Exercise requirements → No pictures go in the copy. Restate, word for word, each line from the one containing "Кровать двуспальная (160х200)" through the last line below.

Data block →

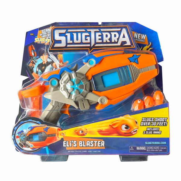 Svako pakovanje sadrži 1 Eli's Blaster, 5 Slug strelica i remen za streljivo. Originalne licencirane igračke po crtanom serijalu Slugterra.
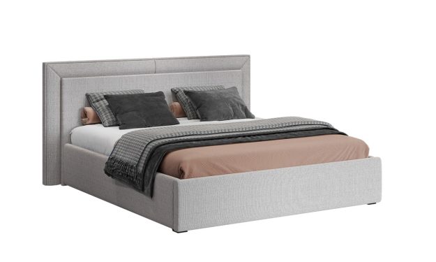 Кровать двуспальная (160х200) с мягким изголовьем Афина (твид светло-серый)
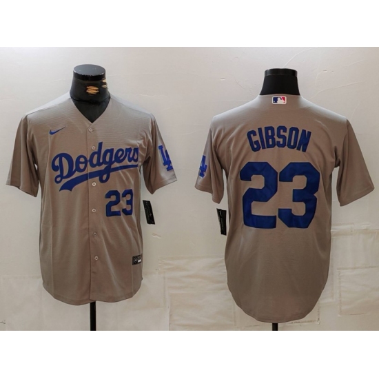 Men's Los Angeles Dodgers #23 Kirk Gibson Number Grey With los Cool Base Stitched Jerseys

Task response →
 Кровать двуспальная (160х200) с мягким изголовьем Афина (твид светло-серый)
 Men's Los Angeles Dodgers #23 Kirk Gibson Number Grey With los Cool Base Stitched Jerseys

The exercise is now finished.